Speaker
Description
The efficient detection of terahertz (THz) waves remains a critical challenge, despite the vast potential of the THz spectrum. We present a method to significantly enhance the sensitivity of THz detectors featuring a metallic antenna on a conducting film with a dielectric substrate. The study utilizes mercury-cadmium-telluride (HgCdTe), a proven semiconductor for infrared detection, extending its capabilities into the THz range.
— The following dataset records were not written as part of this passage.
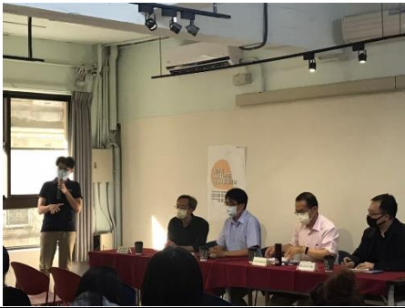
鄉村地區整體規劃座談會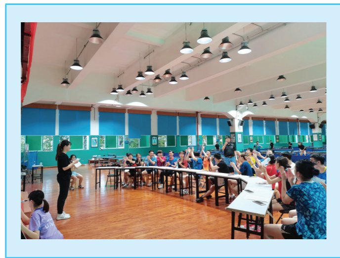
和民族的希望,应当争做有担当、有追求、有作为的新青年。

5月21日下午,院乒乓球队代表队在球馆二楼乒乓球室开展“你话我猜”党史知识竞赛主题活动。小组比赛妙趣横生,红四军队、粤港澳大湾区队、非常敬业爱党队、爱岗敬业爱人民队四个小组向冠军发起角逐,现场赛况激烈,各组同学纷纷举手抢答,不知不觉中将同学们带入到那些艰苦奋战的岁月中。接近尾声,大家仍沉浸在争先恐后抢答的氛围中,个个意犹未尽。通过游戏的方式学习党史,让党史学习变得更有趣味性,不仅增强了大家的学习积极性,也让党史更深入地镌刻在同学们心中。此次活动有十名党员和数名积极分子参加,引领同学们学习党的百年历史,激励同学们加入党组织的决心,进一步向中国共产党看齐。作为在新时代成长起来的当代青年大学生,我们承载着伟大的时代使命,肩负着未来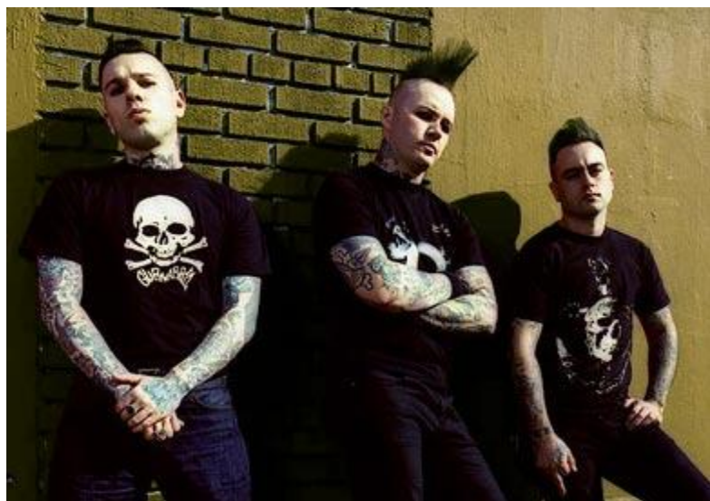
Banda Tiger Army

Para contextualizar al lector, se entiende que el Psychobilly, es un género musical que nació a finales de los años 70 en Inglaterra, rescatando varios elementos y conceptos musicales del Rock and roll, Punk / Rock y Rockabilly principalmente. Este género se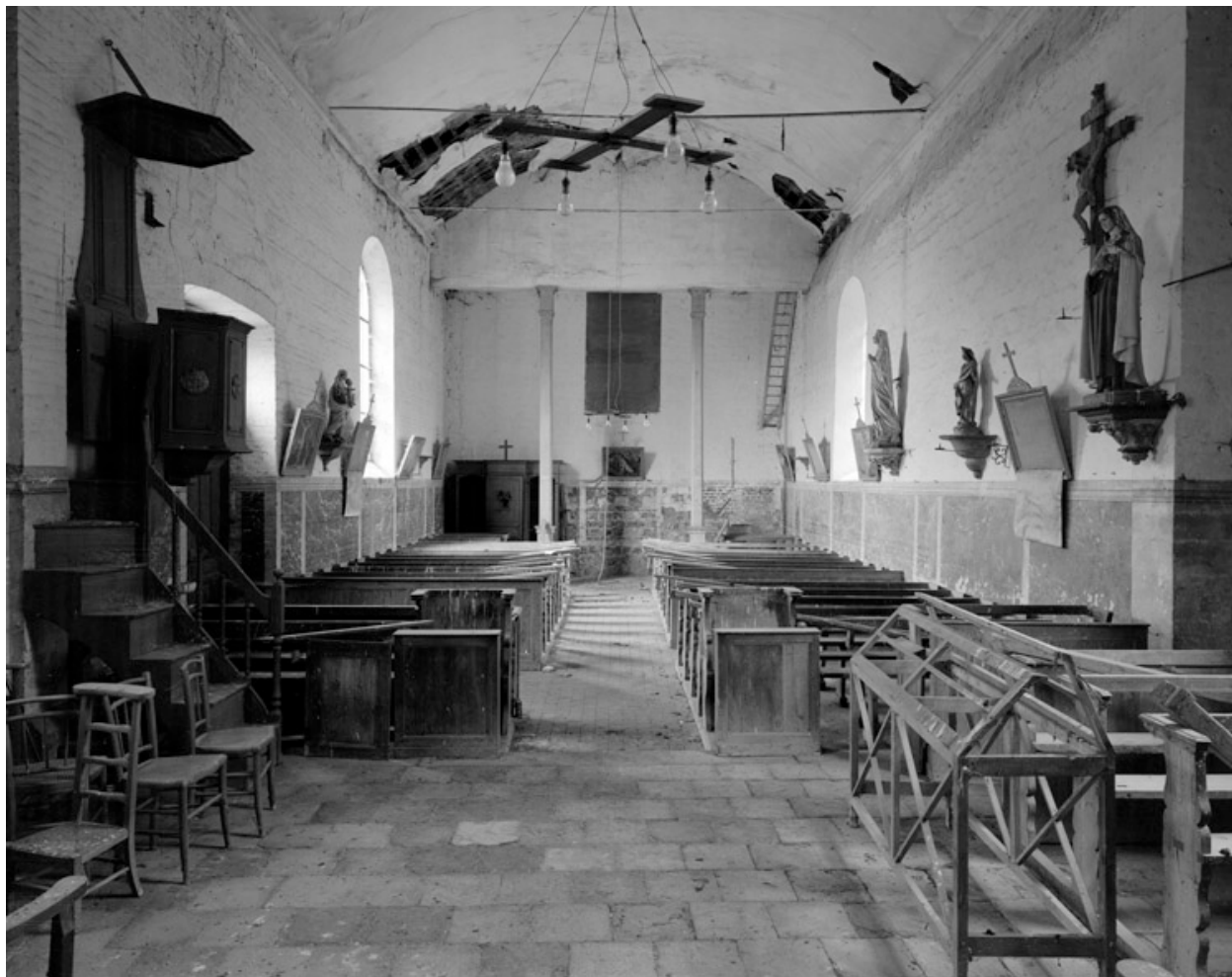
Vue intérieure, depuis le chœur.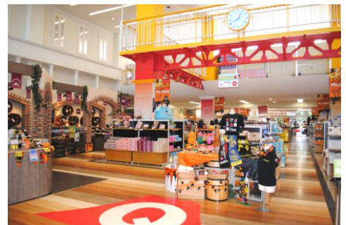
富士急ハイランド ショップフジヤマ

住 所 山梨県富士吉田市上吉田 2-5-1 問い合わせ先 (株)富士急百貨店 0555-23-1111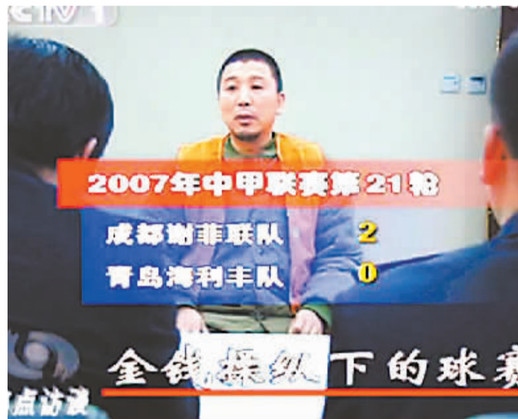
2009 年 12 月 11 日晚间,央视《焦点访谈》再次关注中国足坛反赌打假进展,尤可为对 2007 年 9 月 22 日青岛海利丰 0 比 2 负于成都五牛的中甲比赛的赌球细节进行详解。

“赌球假球”一直被视作阻碍中国足球发展的最大毒瘤,打击赌球应该越彻底越好。但中国足球要提高水平,反赌打假只是第一步。“真正要做的,是明晰责权利体系,制定出适合中国足球发展的科学规划和实施方案。反赌只是清源,正本才是关键!”北京市社科院体育文化研究中心主任金汕认为。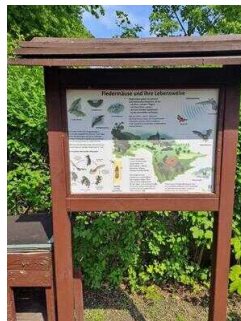
Außengelände mit Infotafeln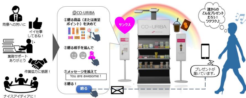
「CO-URIBA」のありがとうクーポンの活用イメージ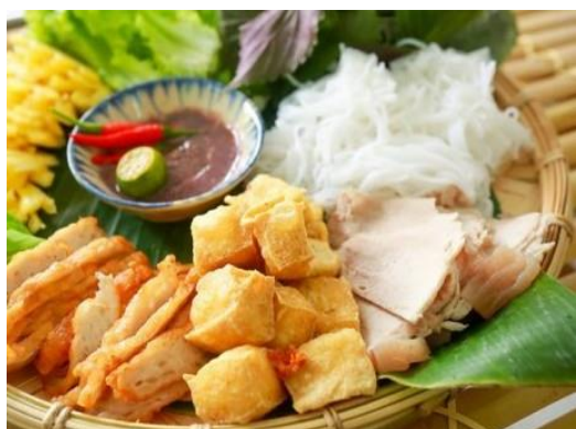
Bún Đậu Mắm Tôm ¥1,200 豆腐と豚ホルモンの発酵海老ダレビーフン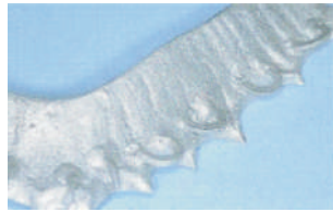
Chorreado del metal con Al 2 O 3 Sandblasting of the metal Das Metall wird sandgestrahlt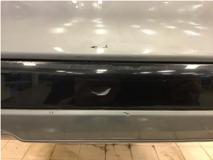
1.1 Ripe(r) ned til grunning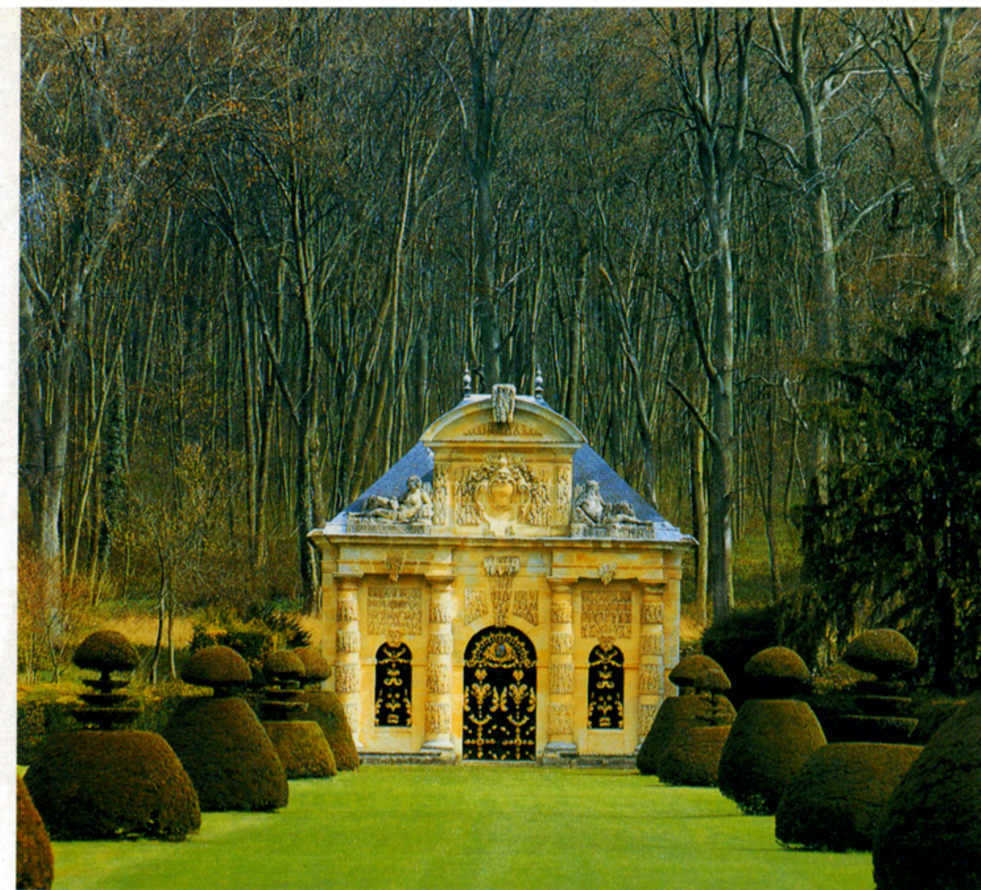
A CHÂTEAU DE WIDEVILLE NYMPHANEUMA 1635–1640

kéletesebbé teszik a látszatot; ősrégi kapu, amelynek tetején nagy kőlapon több száz éves felirat olvasható; az egyik torony vaskos melléképülete, amely régi földalatti börtön benyomását ébreszti, ódon aijtájával, amely fölött régi, hősi szobor áll; régi kőhíd, amelyet hajdanában emeltek az itt folyó patak vize fölé; a magas, százéves hársak, amelyek az épületet beárnyékolják és az erdei magány - mindez rendkívül egységes hatásban olvad össze és senki sem gondolná, hogy itt kertészlak áll, amelynek néhány éve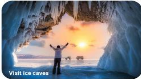
Visit ice caves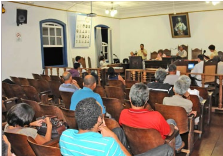
Câmara recebeu denúncia contra a PM durante Tribuna Livre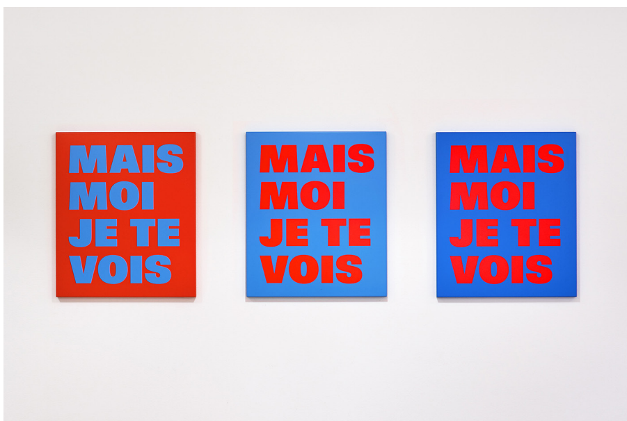
Mais moi je te vois av Rémy Zaugg, 1994/2001. Lackfärg på aluminium. Placering: i anslutning till aulan, Stockholms Sjukhem.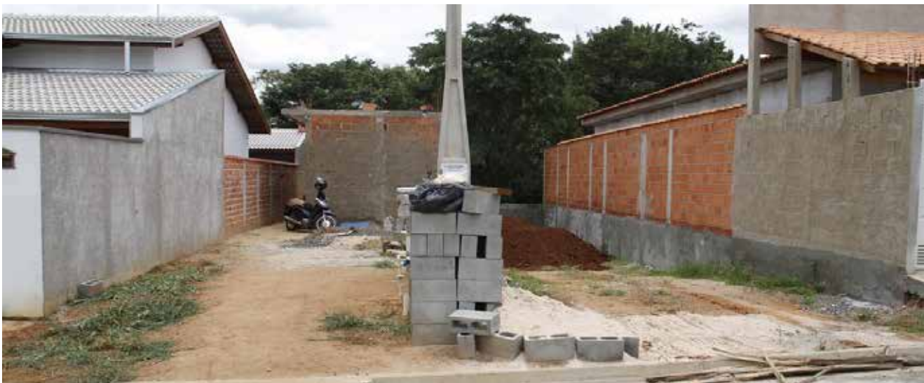
Os benefícios estão previstos na Lei Complementar Municipal nº 322/2018

A Prefeitura de Jaguariúna prorrogou até o dia 17 de dezembro deste ano o prazo para aprovação de projetos construtivos residenciais em lo-

Our approach proposes leveraging the Fabry–Pérot (FP) interference effect to maximize the electromagnetic (EM) energy absorbed within the conducting film by precisely adjusting the substrate thickness. We modeled and fabricated THz detectors consisting of a bow-tie antenna on a p-type HgCdTe film with a CdZnTe substrate. Electrodynamic modeling and simulations, focusing on the 140 GHz frequency, revealed that the EM energy oscillates dramatically as a function of substrate thickness. Simulations predicted that average field intensity in the film could be enlarged by using the optimal substrate’s thickness.
Experimental results comparing samples with near-optimal and non-optimal CdZnTe substrate thicknesses confirmed the theoretical predictions. The optimization strategy yielded more than a threefold increase in sensitivity (an enhancement factor of approximately 3.2 in photoresponse: 3.63 nA vs 1.14 nA). This technique provides a practical and effective way to significantly improve the sensitivity of single-frequency or narrow-band THz detectors without requiring complex fabrication changes or cryogenic cooling systems. Furthermore, this substrate optimization method is compatible with established semiconductor manufacturing processes, suggesting potential for integrated dual-band IR-THz systems based on the HgCdTe platform.